BEGIN

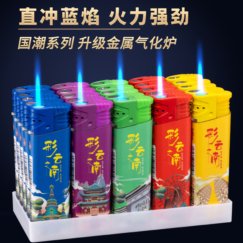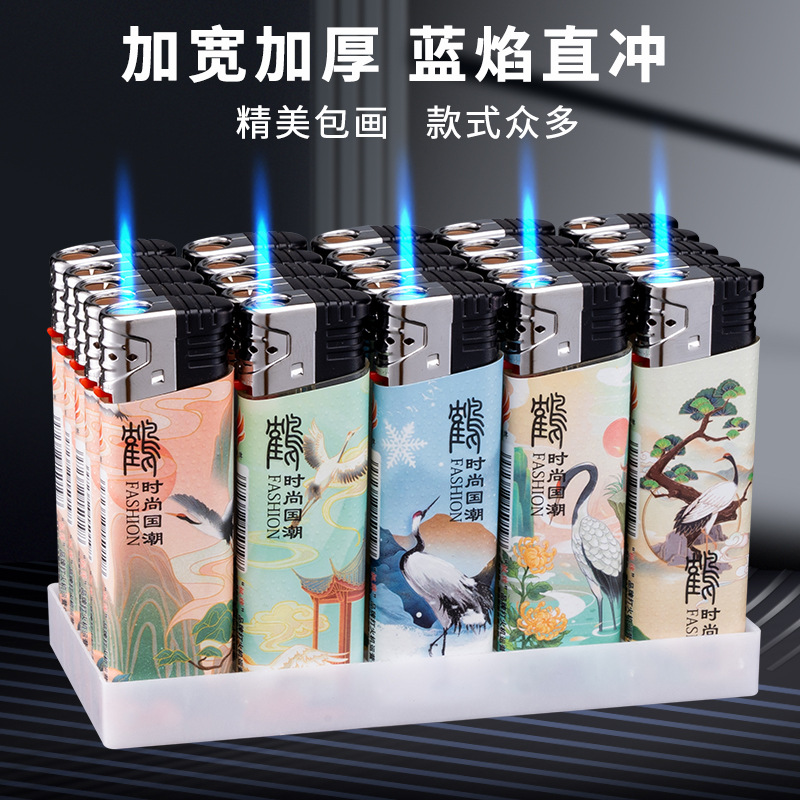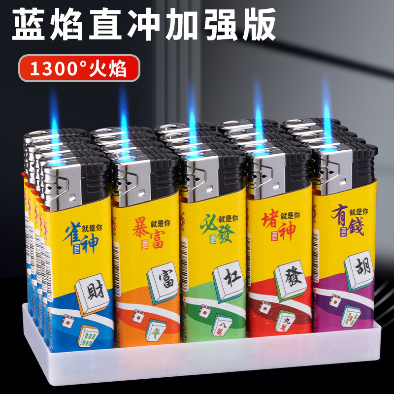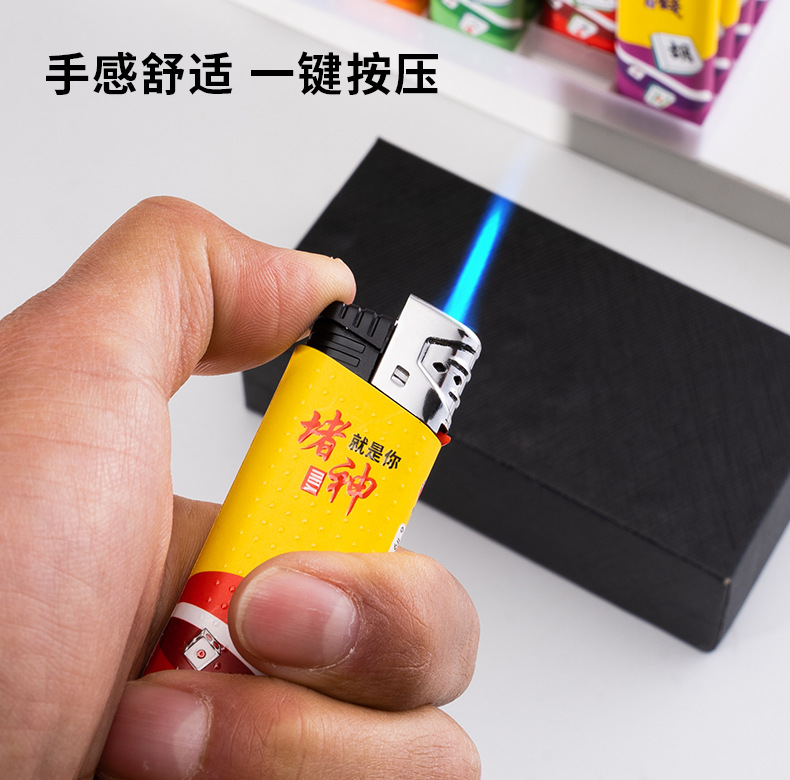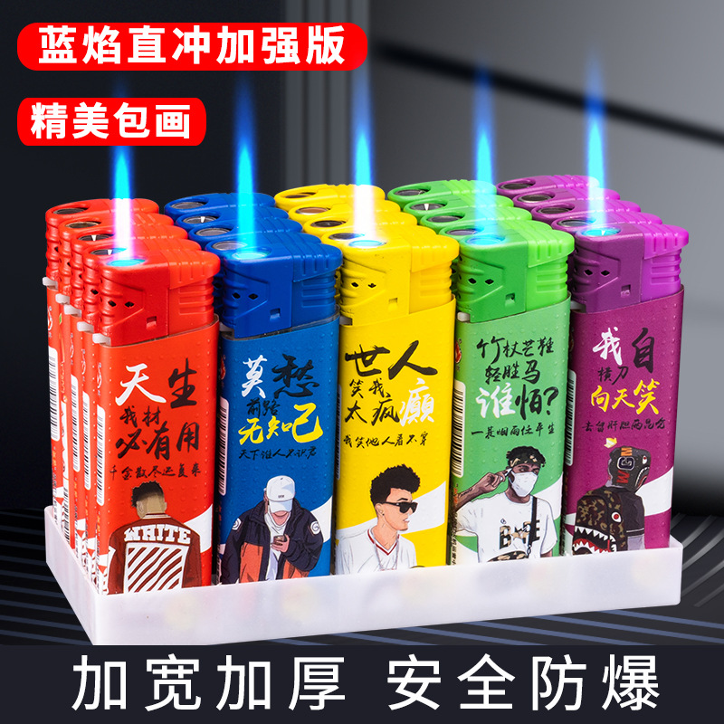 新款防风打火机个性图案创意防爆蓝焰直冲充气一次性打火机批发
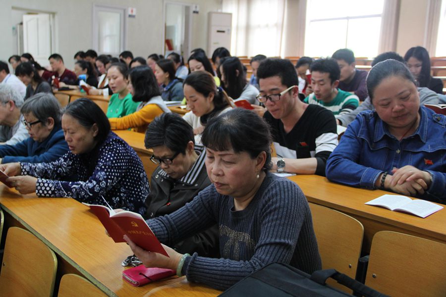 第一,学校党建办公示了我校党员3月份党费收缴情况;全体党员现场缴纳了4月份党费。第二,总支副书记、校长习海平同志领诵了《党章》第二章。第三,总支纪检委员洪耀明同志引领学习《求是》(2016年第四期)上的重要理论专篇《认真贯彻执行〈准则〉和〈条例〉 推进全面从严治党、依规治党》,了解最新的党规党情。第四,杜小清同志传达市教育系统“主题党日+”活动暨2016年党建工作会的主要内容,重点传达了市直机关工委副书记龙华云同志和市教育局党组书记、局长李旭东同志关于如何抓好党建工作的讲话精神。第五,杜小清同志对今天的“主题党日+”活动做了总结,肯定了全体党员良好的纪律和认真学习的态度,要求全体党员同志把这样严谨认真的态度放到日常教育教学工作中去。最后,此次“主题党日+”活动在肯定老党员同志们积极参与的掌声中圆满落幕。
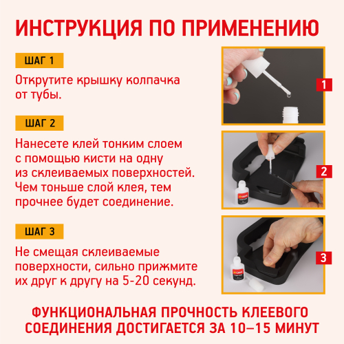 Функциональная прочность клеевого соединения достигается за 10–15 минут
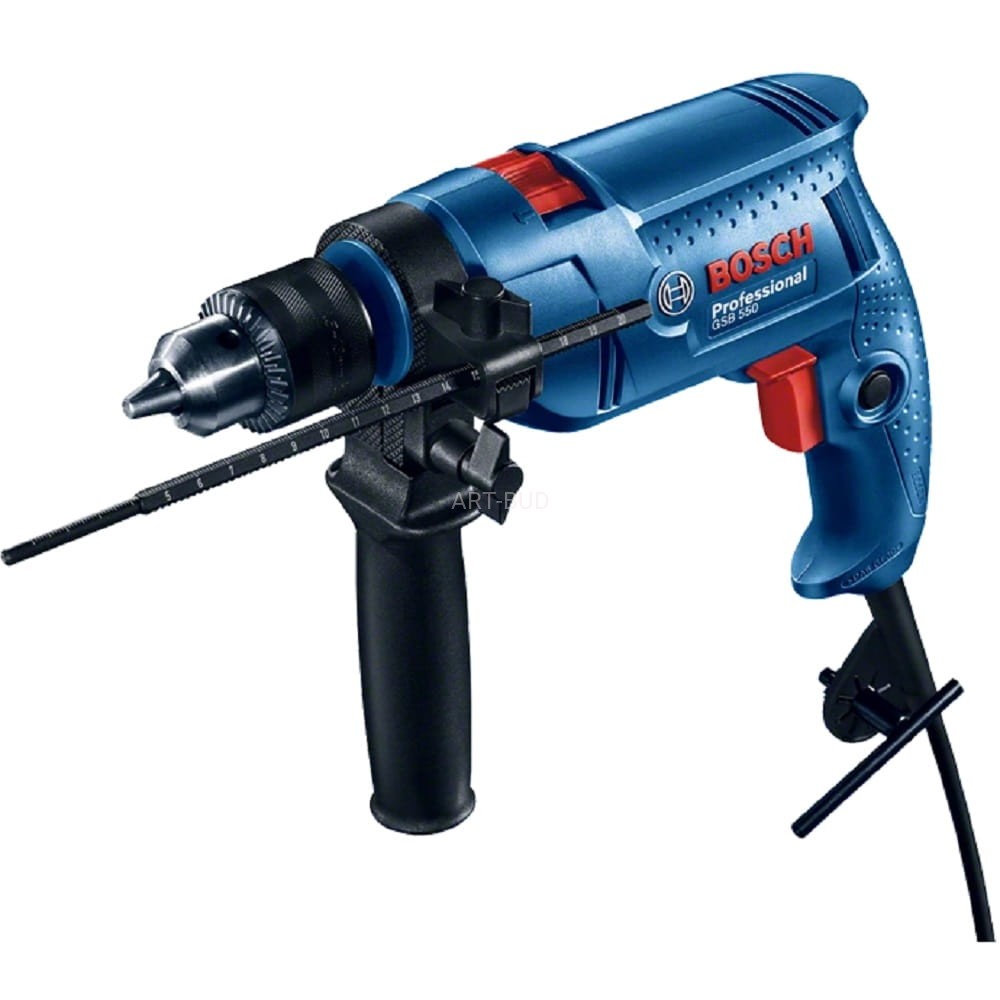 Wiertarka z udarem GSB 550 Bosch to niezawodna konstrukcja z pełnym ułożyskowaniem kulkowym. Znajdzie zastosowanie w różnorodnych pracach związanych z wierceniem otworów (wiercenie bez udaru w drewnie, metalu, tworzywach i ceramice, a także wiercenie z udarem w cegle i betonie). Posiada uchwyt który pozwala na mocowanie osprzętu, powszechnie dostępnego na rynku. Zoptymalizowana obudowa dla lepszej ochrony. Wyposażona w blokadę włącznika, która pozwala pracować bez trzymania dłoni na spuście. Można skorzystać również z ogranicznika głębokości wiercenia i pomocniczej rękojeści.
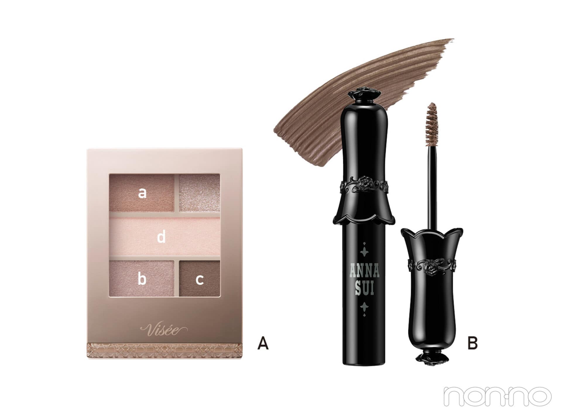 A ひときわモードな印象に仕上がる、グレイッシュなブラウン系。シアー・パーリィ・マットの異なる質感を重ねることで、まなざしに自然な深みと奥ゆきが生まれる。ヴィセ ダブル ムード アイズ BR-1 ¥1540(編集部調べ)/コーセー B 眉も目元とリンクしたグレイッシュなブラウンに染め上げて。毛流れを自在にスタイリングできてしっかりホールド。アイブロウ マスカラ 001 ¥3300/アナ スイ コスメティックス

END

WHAT YOU ARE ASKED TO DO » Produce an exact copy of the records above, leaving out the pictures.

SOLUTION TO THE EXERCISE »
 新款防风打火机个性图案创意防爆蓝焰直冲充气一次性打火机批发
 第一,学校党建办公示了我校党员3月份党费收缴情况;全体党员现场缴纳了4月份党费。第二,总支副书记、校长习海平同志领诵了《党章》第二章。第三,总支纪检委员洪耀明同志引领学习《求是》(2016年第四期)上的重要理论专篇《认真贯彻执行〈准则〉和〈条例〉 推进全面从严治党、依规治党》,了解最新的党规党情。第四,杜小清同志传达市教育系统“主题党日+”活动暨2016年党建工作会的主要内容,重点传达了市直机关工委副书记龙华云同志和市教育局党组书记、局长李旭东同志关于如何抓好党建工作的讲话精神。第五,杜小清同志对今天的“主题党日+”活动做了总结,肯定了全体党员良好的纪律和认真学习的态度,要求全体党员同志把这样严谨认真的态度放到日常教育教学工作中去。最后,此次“主题党日+”活动在肯定老党员同志们积极参与的掌声中圆满落幕。
 Функциональная прочность клеевого соединения достигается за 10–15 минут
 Wiertarka z udarem GSB 550 Bosch to niezawodna konstrukcja z pełnym ułożyskowaniem kulkowym. Znajdzie zastosowanie w różnorodnych pracach związanych z wierceniem otworów (wiercenie bez udaru w drewnie, metalu, tworzywach i ceramice, a także wiercenie z udarem w cegle i betonie). Posiada uchwyt który pozwala na mocowanie osprzętu, powszechnie dostępnego na rynku. Zoptymalizowana obudowa dla lepszej ochrony. Wyposażona w blokadę włącznika, która pozwala pracować bez trzymania dłoni na spuście. Można skorzystać również z ogranicznika głębokości wiercenia i pomocniczej rękojeści.
 A ひときわモードな印象に仕上がる、グレイッシュなブラウン系。シアー・パーリィ・マットの異なる質感を重ねることで、まなざしに自然な深みと奥ゆきが生まれる。ヴィセ ダブル ムード アイズ BR-1 ¥1540(編集部調べ)/コーセー B 眉も目元とリンクしたグレイッシュなブラウンに染め上げて。毛流れを自在にスタイリングできてしっかりホールド。アイブロウ マスカラ 001 ¥3300/アナ スイ コスメティックス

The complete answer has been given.